#### [WORK TO COMPLETE]
Among the lines below, a stretch begins at the one with "When a friend" and ends at the one with "锁只能被加锁的对象释放,此处". Repeat that stretch exactly, ends included.

#### [EXCERPTED DATA]
◇ ◇ ◇
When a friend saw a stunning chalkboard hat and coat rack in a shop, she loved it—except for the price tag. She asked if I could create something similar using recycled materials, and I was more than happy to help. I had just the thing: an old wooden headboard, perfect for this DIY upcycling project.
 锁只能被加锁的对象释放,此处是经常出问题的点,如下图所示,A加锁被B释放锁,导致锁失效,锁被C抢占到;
◇ ◇ ◇
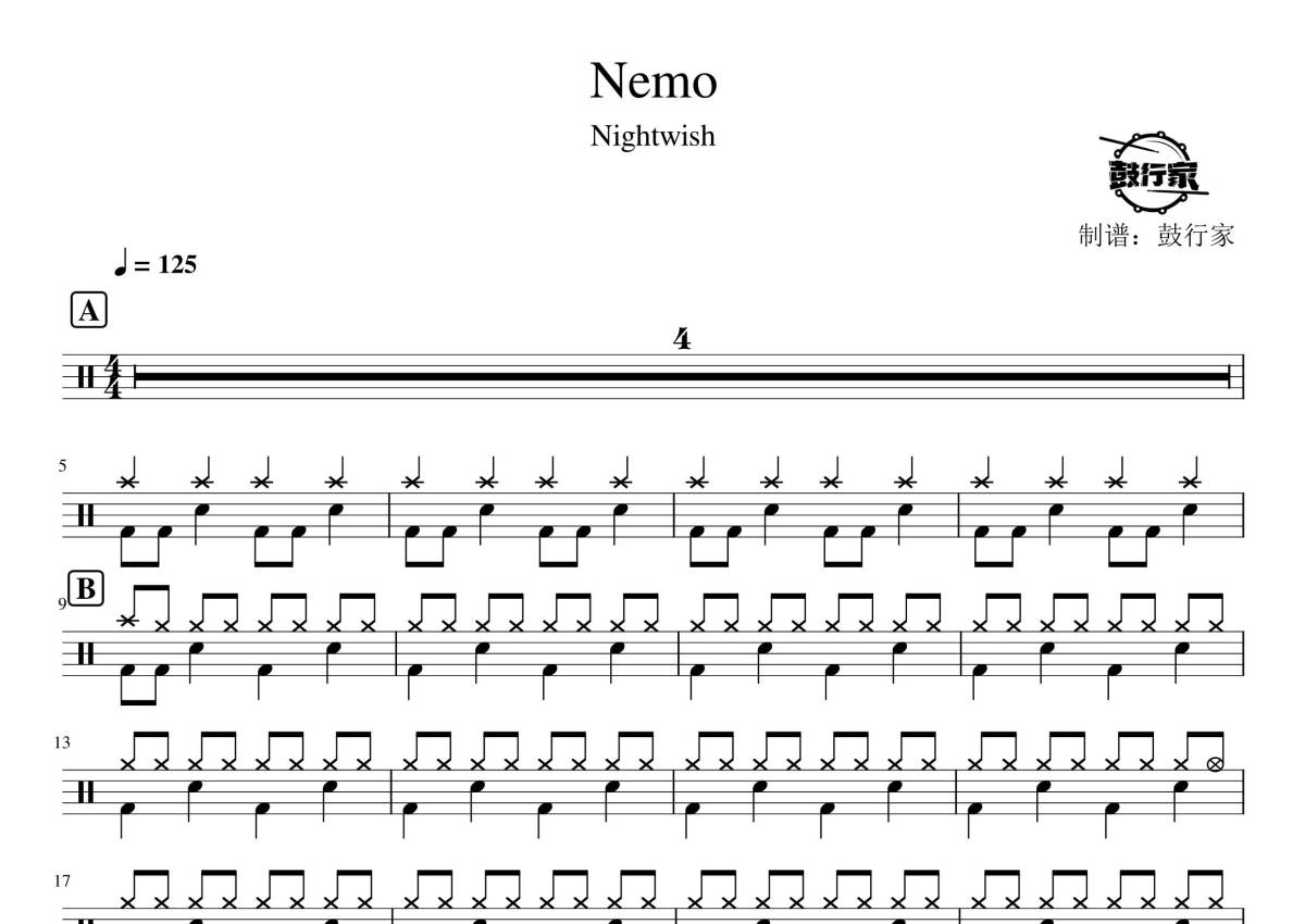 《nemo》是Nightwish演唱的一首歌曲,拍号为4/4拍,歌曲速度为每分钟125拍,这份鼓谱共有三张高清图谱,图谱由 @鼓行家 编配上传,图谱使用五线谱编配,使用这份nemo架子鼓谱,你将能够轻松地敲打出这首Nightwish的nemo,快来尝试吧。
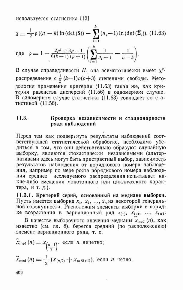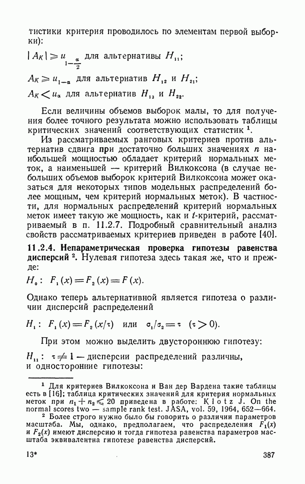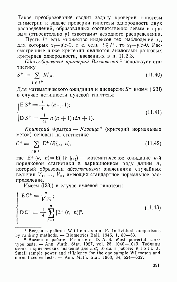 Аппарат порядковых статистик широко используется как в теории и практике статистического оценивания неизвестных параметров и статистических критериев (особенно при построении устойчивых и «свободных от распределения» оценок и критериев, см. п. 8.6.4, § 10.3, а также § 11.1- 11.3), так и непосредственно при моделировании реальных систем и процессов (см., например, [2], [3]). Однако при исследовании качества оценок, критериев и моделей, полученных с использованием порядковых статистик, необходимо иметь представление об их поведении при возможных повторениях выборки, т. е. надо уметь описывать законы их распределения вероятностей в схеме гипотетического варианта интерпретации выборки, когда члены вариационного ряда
◇ ◇ ◇
#### [TASK ANSWER]
When a friend saw a stunning chalkboard hat and coat rack in a shop, she loved it—except for the price tag. She asked if I could create something similar using recycled materials, and I was more than happy to help. I had just the thing: an old wooden headboard, perfect for this DIY upcycling project.
 锁只能被加锁的对象释放,此处是经常出问题的点,如下图所示,A加锁被B释放锁,导致锁失效,锁被C抢占到;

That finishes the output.